> What you have to do
Reproduce the lines below exactly. Skip images.

═════ Dataset excerpt ═════

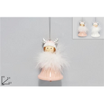 Χριστουγεννιάτικο στολίδι καμπανάκι αγγελάκι με πούπουλα σε ροζ χρώμα 10x6,5x6,5cm
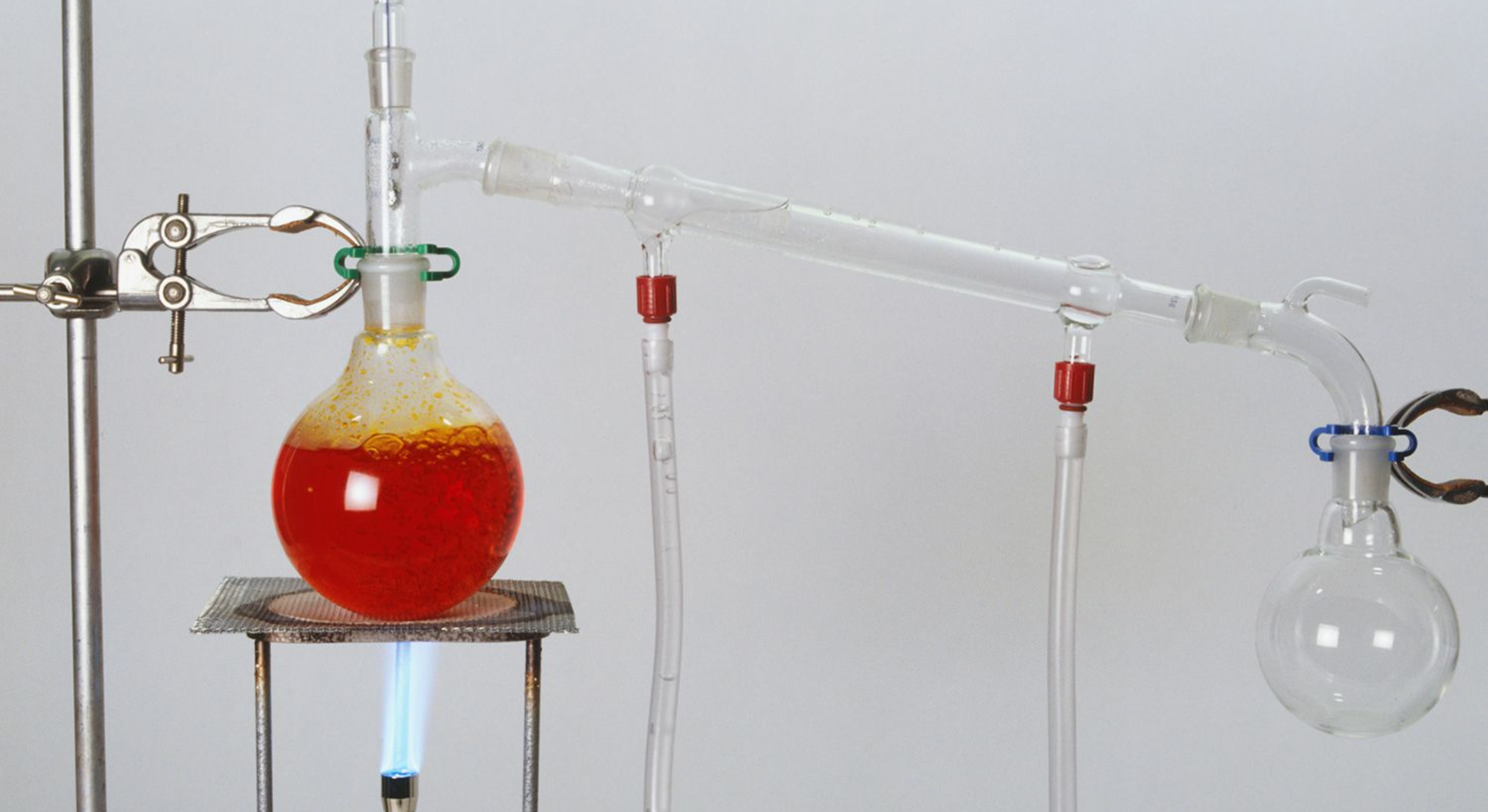 - فصل المذيب عن الزيت العطري باستخدام التقطير.
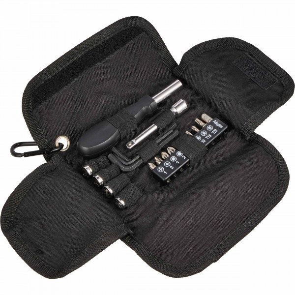 This 19-PieceTool Set is travel-ready and up for any job. Set includes: a screwdriver handle, a screwdriver connector, 3 hex keys, 4 sockets and 10 driver bits. All of which fits nicely in the fold up rPET pouch with hook-and-loop clasp. Set also includes a clip-on carabiner, perfect for hanging storage or attaching to utility bags.

═════

> Output of the exercise
 Χριστουγεννιάτικο στολίδι καμπανάκι αγγελάκι με πούπουλα σε ροζ χρώμα 10x6,5x6,5cm
 - فصل المذيب عن الزيت العطري باستخدام التقطير.
 This 19-PieceTool Set is travel-ready and up for any job. Set includes: a screwdriver handle, a screwdriver connector, 3 hex keys, 4 sockets and 10 driver bits. All of which fits nicely in the fold up rPET pouch with hook-and-loop clasp. Set also includes a clip-on carabiner, perfect for hanging storage or attaching to utility bags.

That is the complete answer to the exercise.